Jerman mengumumkan akan memperpanjang pemeriksaan di perbatasannya hingga September. Sementara itu, Italia memutuskan memberlakukan pemeriksaan masuk bagi warga negara non-Uni Eropa yang datang dari Spanyol.
"Gambar-gambar yang datang dari Ceuta tidak dapat diterima," tulis Presiden Komisi Eropa Ursula von der Leyen, yang memimpin badan eksekutif Uni Eropa, melalui akun X. "Kita tidak bisa membiarkan siapa pun memasuki Uni Eropa tanpa mematuhi aturan yang berlaku."
Presiden Dewan Eropa Antonio Costa, yang memimpin pertemuan para pemimpin Uni Eropa, menyampaikan solidaritasnya kepada Spanyol. Ia memuji "respons tegas" pemerintah Spanyol, termasuk langkah-langkah untuk memerangi migrasi ilegal dan membongkar jaringan penyelundupan manusia.

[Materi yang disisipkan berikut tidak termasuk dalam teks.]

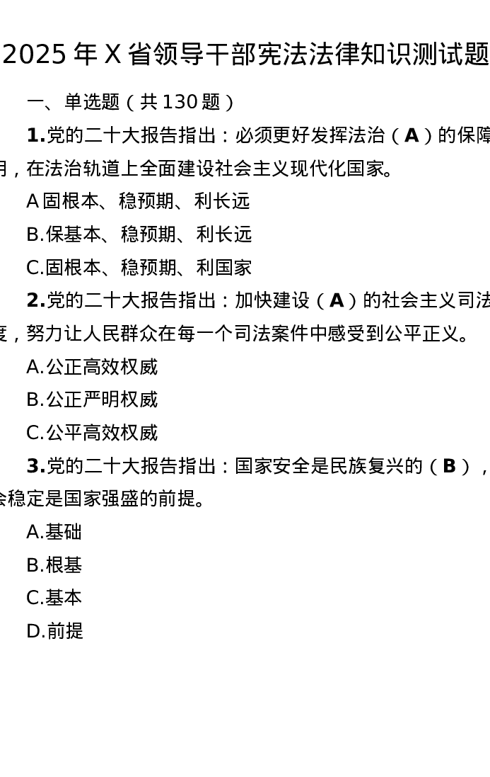 2025年X省领导干部宪法法律知识测试题库

Kedatangan puluhan ribu migran ke Ceuta kembali menyoroti kawasan Schengen, yaitu zona bebas pergerakan yang mencakup 25 negara anggota Uni Eropa, serta Liechtenstein, Norwegia, Swedia, dan Islandia. Meski demikian, para pejabat Uni Eropa menegaskan bahwa siapa pun yang tiba di Ceuta maupun Melilla—wilayah eksklave Spanyol lainnya di pesisir Afrika Utara—tetap tunduk pada ketentuan khusus dalam Schengen Border Code, yang mengharuskan mereka menjalani pemeriksaan perbatasan sebelum dapat melanjutkan perjalanan ke daratan utama Eropa.
Para pejabat juga menegaskan bahwa Uni Eropa tetap memiliki hubungan baik dengan Maroko. Pertemuan antara Duta Besar Uni Eropa di Rabat dan Kementerian Luar Negeri Maroko dijadwalkan berlangsung pada Senin.